2:00pm - 2:30pm	Kamran Chitsaz	The Markovian Thinker	RL for reasoning LLMs has a trivial underlying RL environment (MDP) that treats the state as the whole prompt plus all past thinking tokens. That state keeps growing, which make the computation cost quadratic. We propose Markovian Thinking paradigm, where the state size remains bounded/fixed. This by design, and no matter the policy architecture, makes the compute cost linear with the number of thinking tokens, and memory stays flat.
2:30pm - 3:00pm	Nilaksh	Squeezing More from the Stream : Learning Representation Online for Streaming Reinforcement Learning	In streaming Reinforcement Learning (RL), agents learn from data once and immediately discard it. This saves memory for on-device applications but makes learning highly inefficient, as it is difficult to extract deep patterns from fleeting data. To get the most out of every observation, we adapt Self-Predictive Representations (SPR) for streaming RL. Because streaming data arrives in a highly correlated sequence, simply adding SPR causes training instability. We solve this by adjusting the network’s learning updates to prevent conflicting signals. Tested across the Atari, MinAtar, and Octax benchmarks, our approach consistently outperforms existing streaming methods.
3:00pm - 3:30pm		Coffee break
3:30pm - 4:00pm	Saurav Jha	Reconstruction or Semantics? What Makes a Latent Space Useful for Robotic World Models	World model-based policy evaluation is a practical proxy for testing real-world robot control. As these models increasingly adopt latent diffusion modeling (LDM), choosing the right latent space becomes critical. While the status quo uses autoencoding latent spaces like VAEs that are primarily trained for pixel reconstruction, recent work suggests benefits from pretrained encoders with representation-aligned semantic latent spaces. We systematically evaluate these latent spaces for action-conditioned LDM by comparing six reconstruction and semantic encoders to train world model variants under a fixed protocol on BridgeV2 dataset, and show effective world model training in high-dimensional representation spaces.
4:00pm - 4:30pm	Hadi Nekoei	Shielded Controller Units for RL with Operational Constraints Applied to Remote Microgrids	Remote microgrids require coordinating renewable generation, batteries, and fuel generators under uncertainty while respecting strict operational constraints. We introduce Shielded Controller Units (SCUs), an interpretable framework that uses system knowledge to enforce safety and regulatory constraints during RL control. SCUs decompose the environment into a hierarchy, with each unit responsible for a specific subset of constraints. On a real-world microgrid task, SCUs enable RL to reduce fuel consumption by 24% without increasing battery degradation, outperforming industry heuristics and constrained RL baselines while maintaining full constraint satisfaction.

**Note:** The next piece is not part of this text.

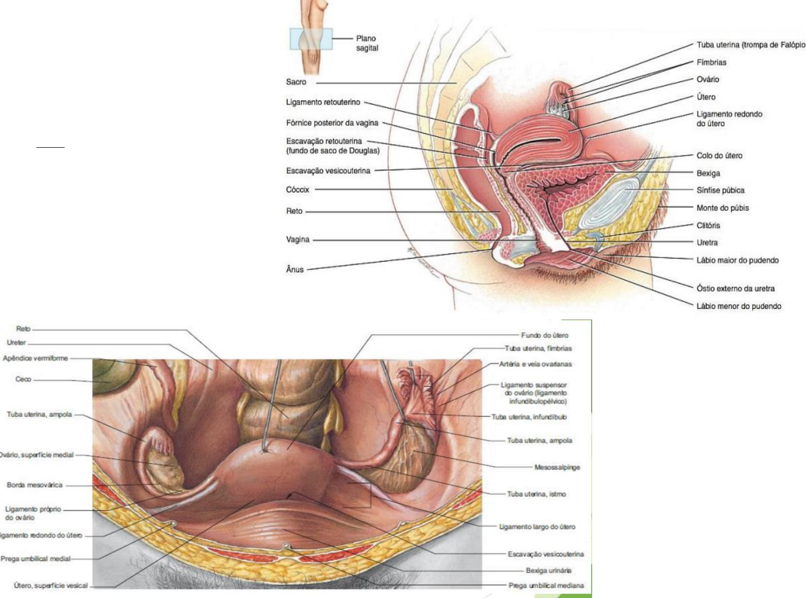 <p>LMF-Anatomia/ Módulo Saúde da Mulher</p><p>Útero</p><p>1) ÚTERO (Túnicas)</p><p>• Perimétrio</p><p>• Miométrio</p><p>• Endométrio</p><p>2) ÚTERO (Ligamentos)</p><p>• Ligamento redondo</p><p>• Ligamento útero-ovárico</p><p>3) ÚTERO (Divisões)</p><p>• Fundo do útero</p><p>• Corpo do útero e cavidade uterina</p><p>• Colo do útero e canal do colo do útero:</p><p>a) porção supravaginal e porção vaginal</p><p>4) TUBA UTERINA</p><p>5) OVÁRIO</p><p>6) BEXIGA URINÁRIA</p><p>7) RETO</p><p>8) VAGINA</p><p>1) ILÍACO</p><p>Ílio</p><p>• Asa</p><p>• Corpo</p><p>• Crista ilíaca</p><p>• Espinha ilíaca antero superior</p><p>• Espinha ilíaca antero inferior</p><p>• Espinha ilíaca póstero superior</p><p>• Espinha ilíaca póstero inferior</p><p>• Fossa ilíaca</p><p>Ísquio</p><p>• Corpo</p><p>• Ramo</p><p>• Tuberosidade isquiática</p><p>• Espinha isquiática</p><p>• Incisura isquiática maior e menor</p><p>• Forame obturado</p><p>Púbis</p><p>• Corpo</p><p>• Ramo superior</p><p>• Ramo inferior</p><p>2) SACRO</p><p>• Base do sacro</p><p>• Promontório sacral</p><p>• Ápice do sacro</p><p>• Canal sacral</p><p>• Asa do sacro</p><p>• Forames sacrais</p><p>3) ACETÁBULO</p><p>4) ARTICULAÇÕES:</p><p>• Articulação sacroilíaca</p><p>• Articulação sacrococcígea</p><p>• Sínfise púbica</p><p>5) CÓCCIX</p><p>6) DIAFRAGMA DA PELVE</p><p>Músculo isquiococcígeo</p><p>Músculo levantador do ânus</p><p>• Músculo puborretal</p><p>• Músculo pubococcígeo</p><p>• Músculo iliococcígeo</p><p>7) PERÍNEO</p><p>• Músculo Isquiocavernoso</p><p>• Músculo Bulboesponjoso</p><p>• Músculo Transverso Superficial do Períneo</p><p>• Músculo Transverso Profundo do Períneo</p><p>• Músculo Esfíncter Externo do Ânus</p><p>8) DIÂMETROS</p><p>• Conjugata Vera Anatômica</p><p>• Conjugata Vera Obstétrica</p><p>• Conjugata Diagonalis</p><p>• Diâmetro Bi-isquiático</p><p>• Diâmetro Bi-tuberoso</p><p>• Diâmetro Cóccix-subpúbico (Conjugata exitus)</p>

4:30pm - 5:00pm	Kanishk Jain	Discovering Failure Modes in Vision-Language Models using RL	We propose a Reinforcement Learning (RL)-based framework to automatically discover the failure modes or blind spots of any VLM on a given data distribution without human intervention. Our framework trains a questioner agent that adaptively generates queries based on the candidate VLM’s responses to elicit incorrect answers. Our approach increases question complexity by focusing on fine-grained visual details and distinct skill compositions as training progresses, consequently identifying novel failure modes in which VLMs struggle.